At dusk, the Dog Cart Man and his dogs retreated into the hayloft for the night. All in all, it had been one of the best days I could remember, and just before I went up to bed myself, Mom said I could go with my new friend again in the morning.
We spent most of the next day in the Academy auditorium, where the Dog Cart Man refurbished the mural of the entire village on the stage backdrop—the church, the Academy, the Common with its gorgeous wine-glass elms, the brick shopping block, the hotel and commission sales barn, and the cemetery, with Jay Peak and the Green Mountains in the background.
Around three in the afternoon, we returned to the gool by way of the covered bridge, stopping briefly to touch up the signs over each end that said CROSS AT A WALK. Then we struck off up into the gore, and turned onto the old trace leading to the granite quarry.
Somewhat guiltily, I thought of Claire for the first time since the previous morning, but instead of following the burn all the way up to the falls where I’d called her name in the mist until the echo scared me, we cut off the trace and out around the deep pit. In the bright afternoon sunlight, it no longer looked eerie to me—just empty and forlorn. On the back side of the quarry, the Dog Cart Man unhitched his dogs, handed me four buckets of paint, and hoisted the homemade ladder to his shoulder.

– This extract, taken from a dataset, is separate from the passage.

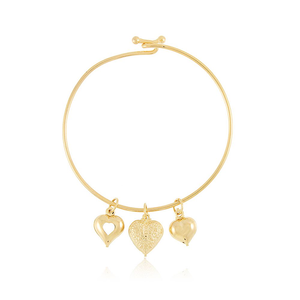 Pulseira Bracelete Banhado Fino com Três Pingentes de Coração Pendurados, liso, vazado e com textura.
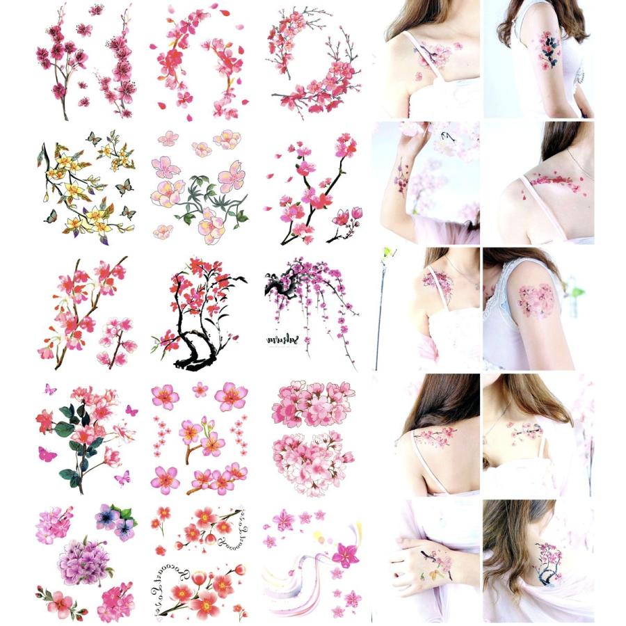 タトゥーシール 花 腕 淡く美しい 肩 胸元 鎖骨 背中 脚 防水 リアル 長持ち 小判 084

In single file we pushed our way through a tangle of blackberry canes, to the faded pictograph he’d painted long ago on the granite face of the cliff above the quarry of the gypsy stonecutters who had once come regularly to Kingdom County. Over the years it had faded almost beyond recognition, and at this time of year it was obscured by the leafy summer foliage of second-growth hardwoods.
As we approached the cliff, something let out a cough. Up from the pit flapped one of the ravens I’d seen two days ago. But if the Dog Cart Man noticed it, he paid no attention.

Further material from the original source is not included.